Quattrocento milioni di euro in più di spese militari. L’equivalente di 800 milioni di
mascherine chirurgiche o di 40 mila ventilatori polmonari. Mentre il nostro Paese paga il
prezzo dei tagli lineari alla spesa sanitaria degli ultimi dieci anni (37 miliardi, secondo la
Fondazione Gimbe), dall’Istituto Sipri di Stoccolma arrivano dati che creano qualche
malumore nella maggioranza: nel 2019 l’Italia ha continuato ad aumentare la spesa
militare (+0,8%) e lo farà anche nel 2020. Mentre il centro di ricerca svedese rileva
l’aumento più alto a livello globale dell’ultimo decennio (+3,6%, fino a 1,9 trilioni di
dollari), lo Stato italiano si avvicina all’obiettivo del 2% di spese militari rispetto al Pil
chiesto dalla Nato: tra il 2018 e il 2019 l’aumento è stato di 400 milioni, da 23,5 ai 23,9
miliardi (1,3-1,4% del Pil). L’Osservatorio Mil€X ieri ha calcolato al rialzo le spese militari
italiane prevedendo un ulteriore balzo in avanti nel 2020 a 26,3 miliardi, pari all’1,6% del
Pil (ma di fatto si arriverà al 2% visto il tonfo del Prodotto interno lordo causa crisi).
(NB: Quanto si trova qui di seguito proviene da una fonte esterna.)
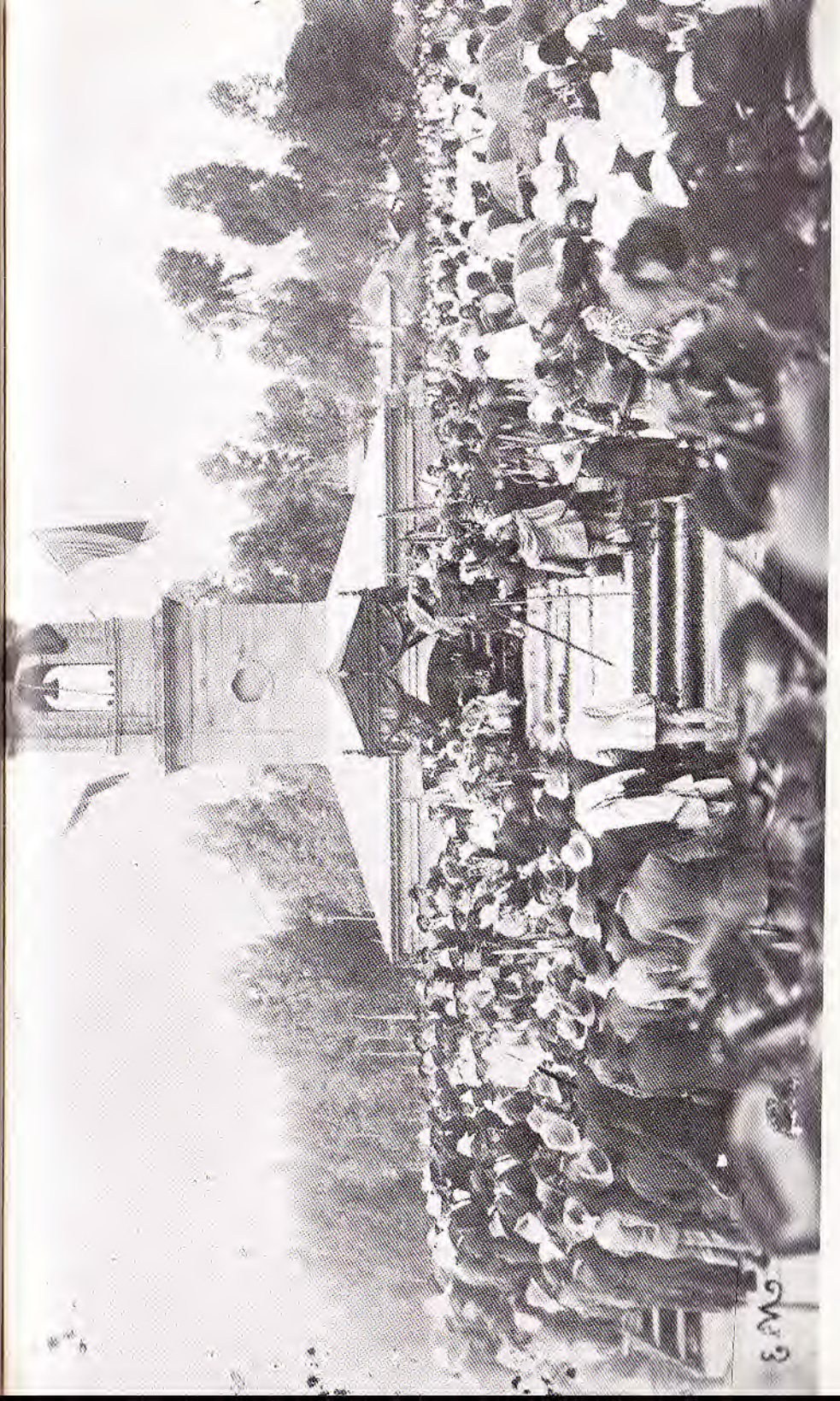
የግሪክ ኦርቶዶክስ ማኅበር ማኅበር
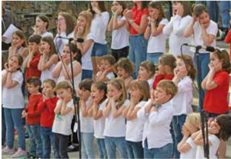
Alumnes canten 'El petit príncep' per Sant Jordi a la plaça d'El Mirador. || CEDIDA

L'escola d'interpretació, música i dansa Espaiart oferirà, com ja és habitual, unes representacions i audicions dels seus alumnes durant les properes setmanes. L'activitat està prevista a la Sala de Petit Format de l'Ateneu i l'Auditori Municipal. "Seguint amb el seu objectiu de difusió i producció cultural, Espaiart ha organitzat diverses trobades entre els alumnes i el públic" , diu la directora d'Espaiart, Sònia Gatell, en un format pensat per a tots els alumnes i cobrint les diferents disciplines que s'imparteixen a l'escola: teatre, dansa (moviment) i música, "amb temes musicals de tots els estils i amb totes les combinacions possibles" . En aquest sentit, hi tindran cabuda els instruments solistes, formacions de cambra, duets,
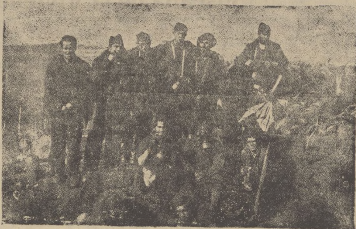
Falangistas al lado de su chavola
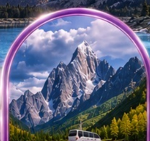
อุทยานสี่ดรุณี (รวมรถอุทยาน)
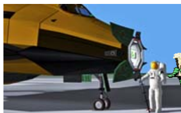
Échelle pour le DGIV
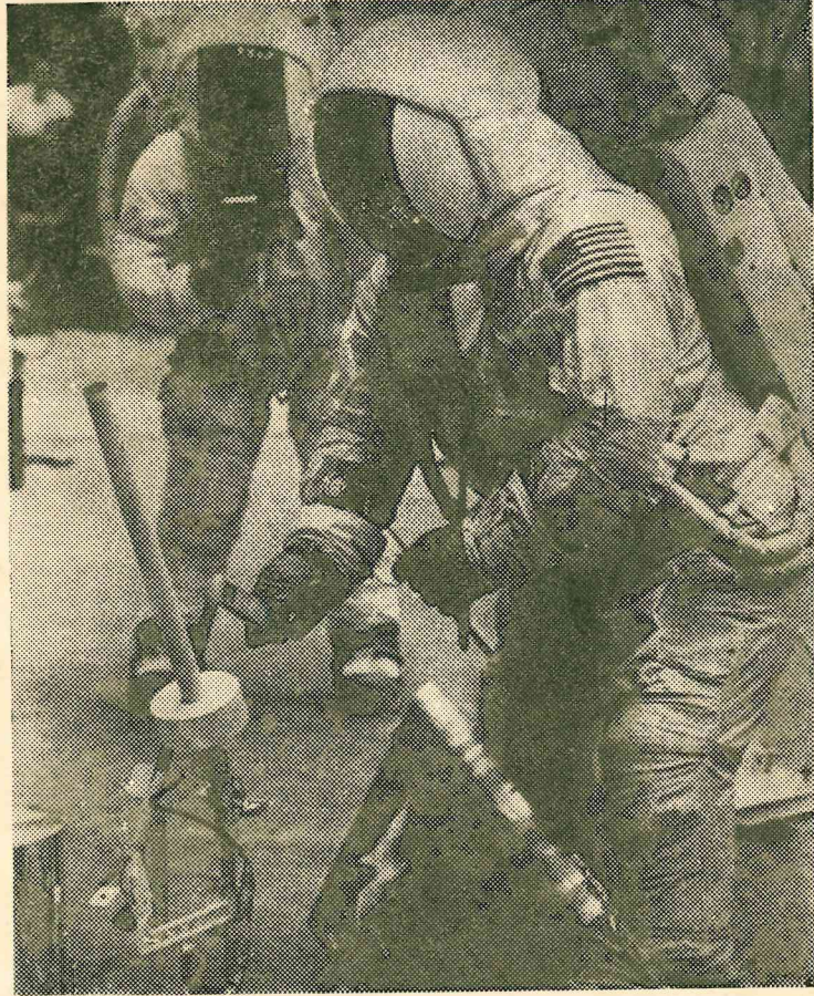
امریکی خلا باز آرمسٹرانگ چہہ زونہ پیتھہ اہم سامانہ تھوان۔
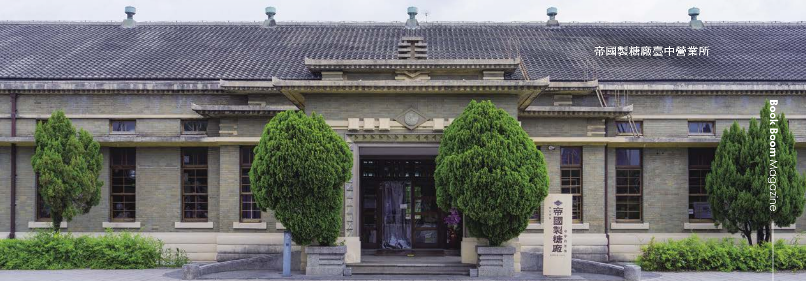
帝國製糖廠臺中營業所

目前建築內有「冶糖」與「1935 Cafe & Bar」兩間餐飲業者進駐，亦定期更換展覽主題可免費參觀，即便不用餐也可在日頭西下時沿著周邊環湖步道徐徐行走。偶有飛鳥掠過空中，讓人驚喜於熙攘城市中心也有如此景致，臺中的舊城散策，便是如此恰恰巧地自然融入於我們的日常生活之中。✦
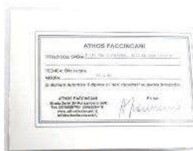
18 Athos Faccincani “E la tra i papaveri cerco le case bianche” dipinto ad olio su tela. Misure tela cm h. 80x80. 80+80=160x1,2x10= Valore commerciale € xxxx00
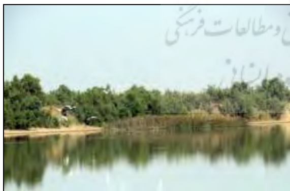
شکل ۴. تالاب آق گل
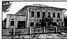
СВИДЕТЕЛЬСТВО РЕГИОН. ИНСПЕКЦИИ (Т. ТВЕРЬ) Т-0571

СПК "Родина" продает автомобильный прицеп "ГКБ-8350", 1988 г.в. Т. 62-5-46, 62-5-41.
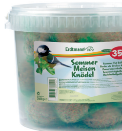
35 Sommermeisenknödel im Eimer

Erdtmann® Sommermeisenknödel sind für Wildvögel eine leichte und abwechslungsreiche Kost für die warmen Monate des Jahres. Besonders der leckere Mix aus verschiedenen Früchten sorgt an der Futterstelle für viel Vitalität.
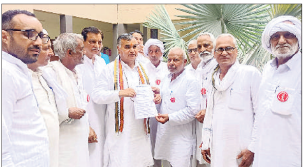
जीद। ज्ञान सौंपते किसान नेता।
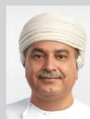
Cheikh Waleed bin Khamis Al Hashar (Sultanat d'Oman)
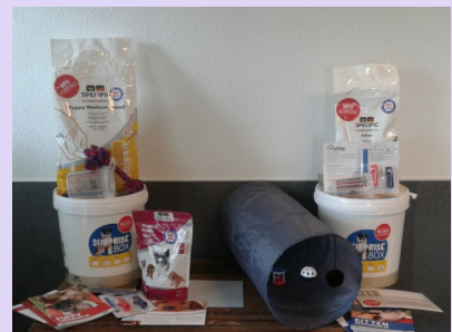
Specific suprise box
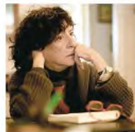
Η ποιήτρια Μαρία Λαϊνά τιμήθηκε για τη συνολική λογοτεχνική προσφορά της με το Μεγάλο Βραβείο Γραμμάτων.

Η ανακοίνωση των Κρατικών Λογοτεχνικών Βραβείων έγινε έπειτα από πολύμηνη καθυστέρηση, που οφείλεται σε νομοτεχνικά ζητήματα (σχετικά με την απαρτία της επιτροπής των βραβείων Λογοτεχνικής Μετάφρασης), τα οποία πάντως δεν είχαν αξιολογηθεί ως κρίσιμα από όλους τους εμπλεκόμενους («Κ», 2.5.2023). Στο μεταξύ, η θητεία όλων των επιτροπών βράβευσης έληξε
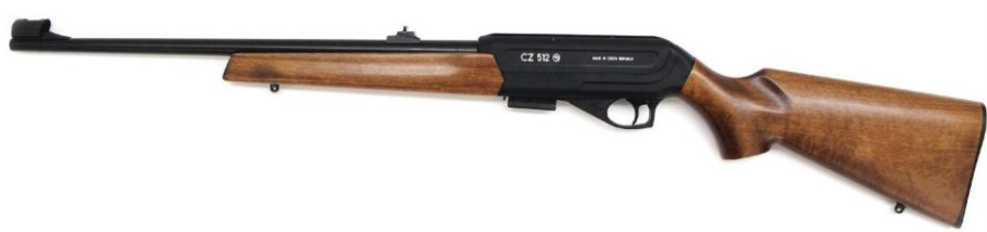
Obrázek 6 – CZ512
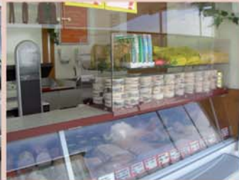
Front-Sicht Zusatzbord Winterschutzverglasung und Präsentationsregal in Einem
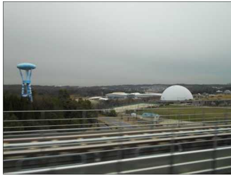
1410 リニモからモリコロパークへ
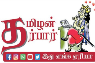
அது எங்க ஏரியா

இயற்கையாக எளிமையாக இலக்கணத்தின் செழுமையாக இடர்களின்றிய ஒலியாக அமைந்திட்ட எம் தாய்மொழியை இதயத்தின் துடிப்பாயெண்ணிப் போற்றுசிறோம் ஆழ்ந்தகன்று அதைக்கற்றிடவே தேடுசிறோம் நானிலத்தில் உன்னமிழ்தம் அருந்திட விளைகின்றோம் நித்தியமாயுள் பெருமை ஓங்கிட வாழ்த்துகிறோம் நயங்குன்றாத தாயதமிழ் வளர்கவே நனிசிறந்த நல்மொழியே நீ வாழ்கவே Dr ஜகலா முலம்மில் ஏறாவுர்
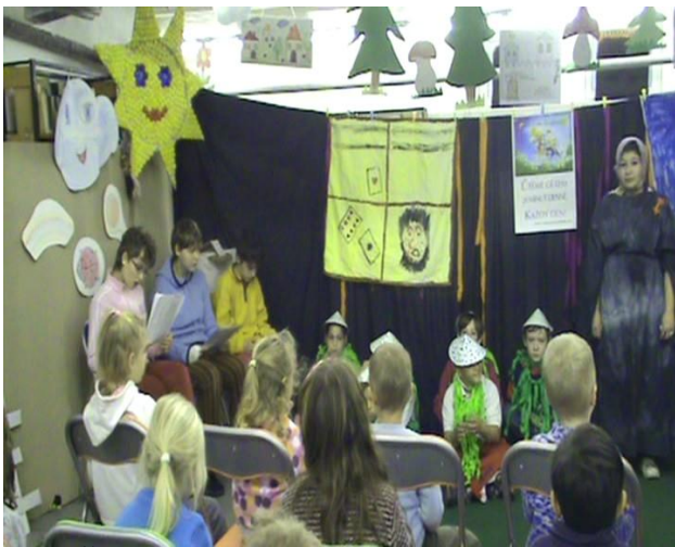
Celé Česko čte dětem 1
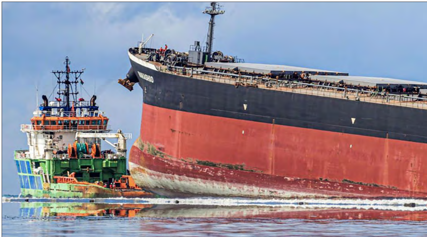
▲ Francia anunció que enviará equipos de especialistas y material para ayudar a la isla Mauricio para hacer frente al derrame y evitar así daños mayores al entorno natural.

La erupción del lunes no produjo de momento ningún herido ni muerto, pero las autoridades indonesias emitieron una advertencia ante la intensa actividad en el volcán.
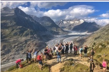
2. Mountain Glow Yoga-Festival am grössten Gletscher der Alpen 2.9.-5.9.2021
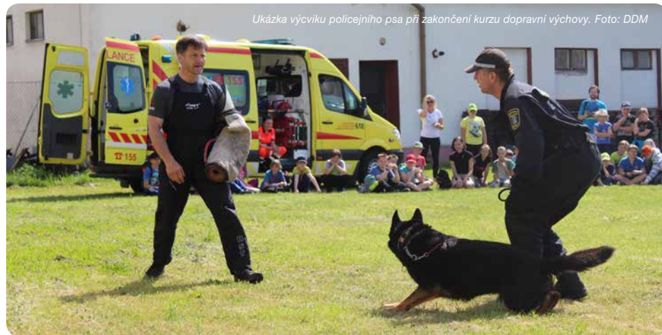
Ukázka výcviku policejního psa při zakončení kurzu dopravní výchovy.
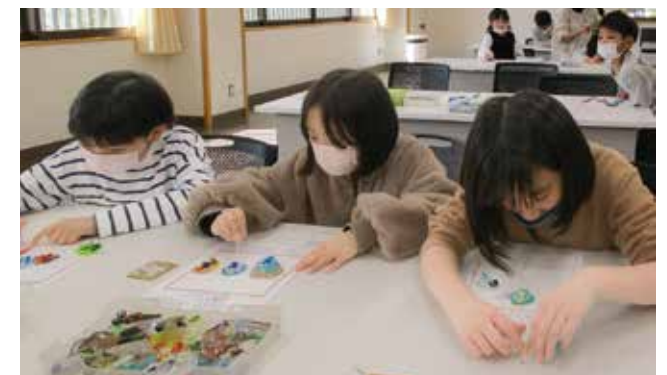
05. ガラス体験 (はしおき・マグネット)
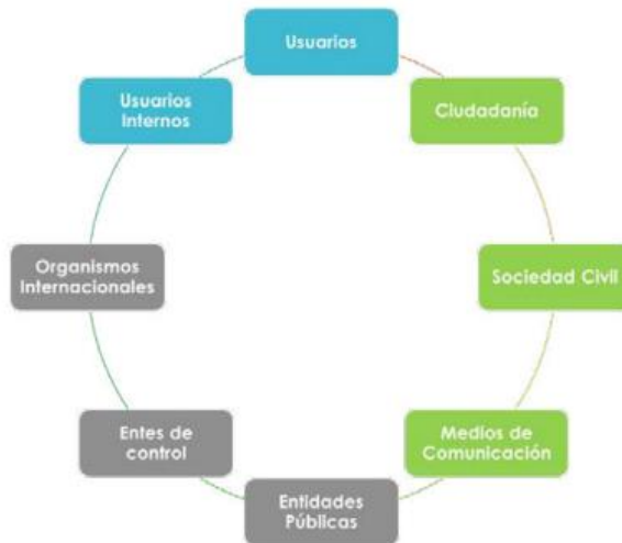
Figura 5. Grupos de valor de la ANLA

Los usuarios pueden ser personas naturales o personas jurídicas, de naturaleza pública o privada y pueden ser frecuentes, esporádicos o únicos. Los usuarios únicos son aquellos que han solicitado una sola vez algún trámite, permiso o licencia en la entidad, los cuales, de acuerdo con la revisión de la base de datos de VITAL son la mayoría. Los usuarios esporádicos son aquellos que han solicitado un trámite entre dos y cuatro veces, y, finalmente, los usuarios frecuentes, que son aquellos que han solicitado más de cinco trámites permisos o licencias ambientales.
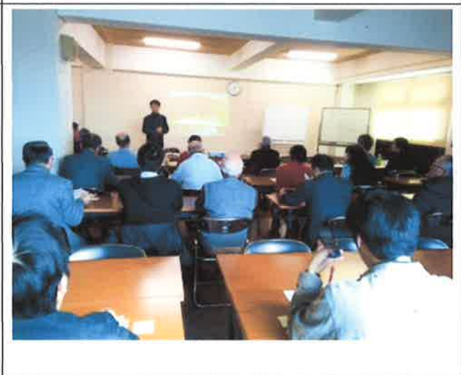
講座「廃校活用の可能性を学んで、考えよう」
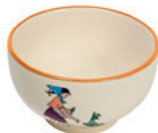
Mülschale Flurina mit Huhn Ø 14 cm 39486
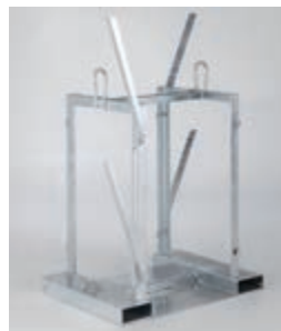
Лесно укрепване на бутилките.
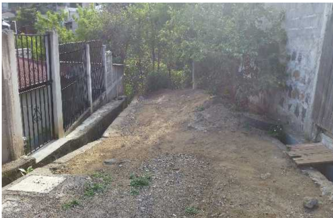
Vista al final del proyecto
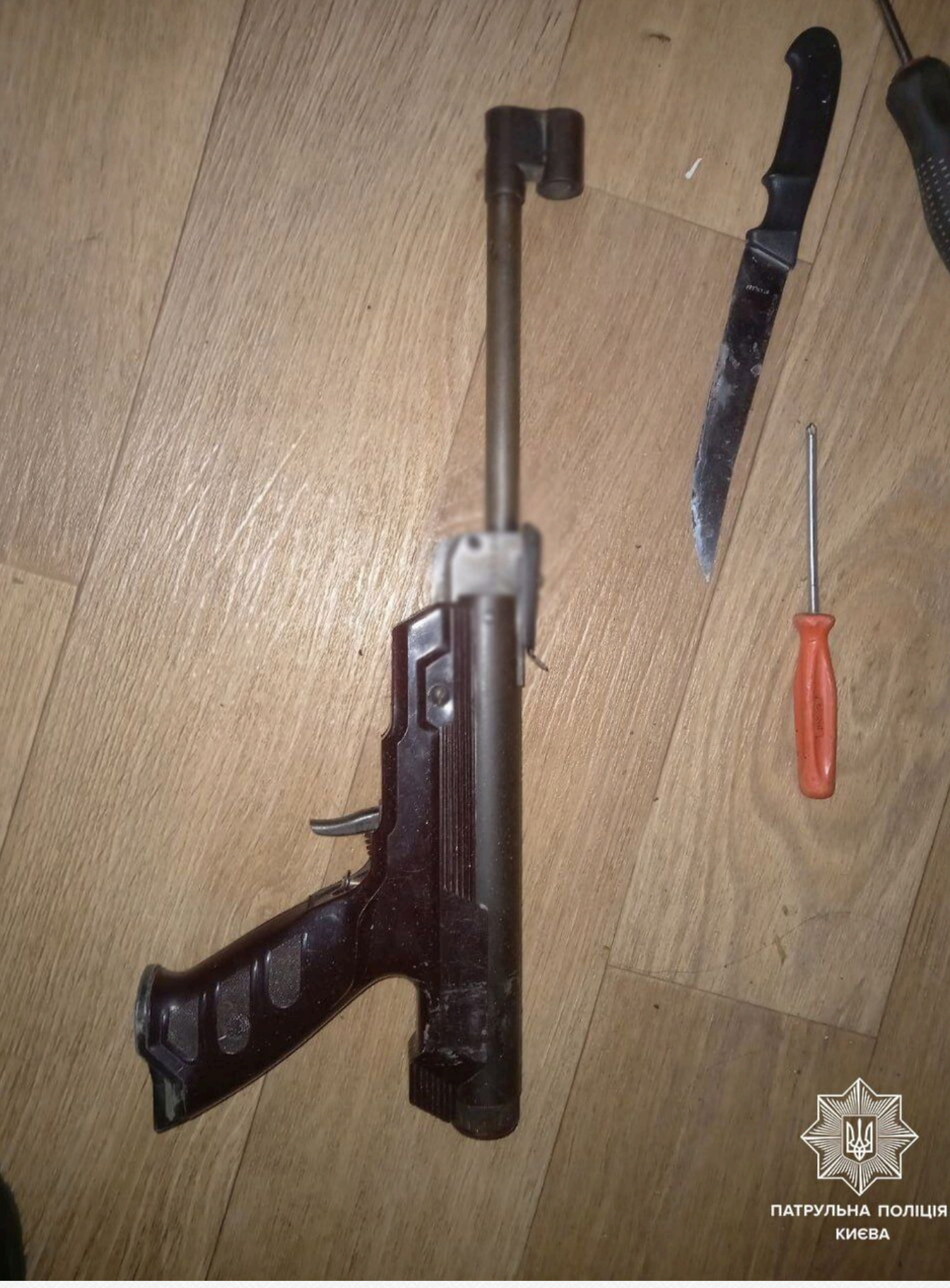
ПАТРУЛЬНА ПОЛІЦІЯ КИЄВА

Теги: Зброя Оружжя Націоналізм Націоналісти Київ Києв
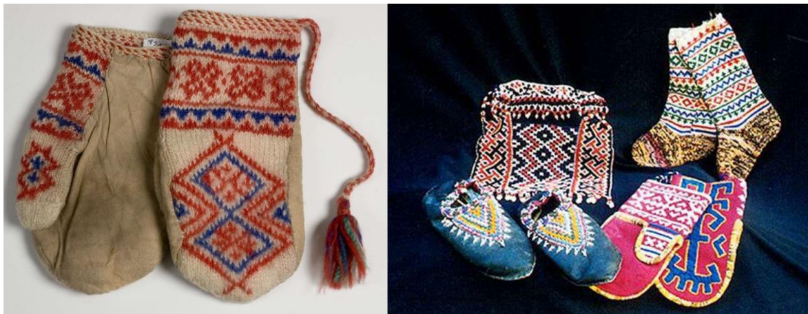
Рисунок 3. Шерстяные изделия с узорами

Одним из немногих женских занятий ханты, которые сохранились до сих пор, является узорное вязание из шерсти. В основном, вяжут теплые варежки. Хантыйские орнаменты для них очень подходят. Каждой мастерице с детства знакомы основные рисунки, которые она сама корректирует во время вязания. Мотивы на варежках имеют столь же много значений, как и в других видах рукоделия. Иногда узоры также используются для вязания носков. Мастерицы знают, что важно при вязании не оставить орнамент неоконченным (Рисунок 3).

Sebbene dal 2010 ad oggi la spesa militare italiana sia diminuita dell’11%, un dato
inequivocabile resta: dopo la stagione del rigore, tutti i governi dal 2015 in poi hanno
aumentato il budget della Difesa per accontentare in primis gli Stati Uniti. E era proprio in
questa chiave che a inizio ottobre, prima il segretario di Stato Usa Mike Pompeo e poi il
segretario generale della Nato Jens Stoltenberg sono stati ricevuti da Giuseppe Conte a
Palazzo Chigi. Obiettivo: chiedere all’Italia un maggior impegno nelle spese militari.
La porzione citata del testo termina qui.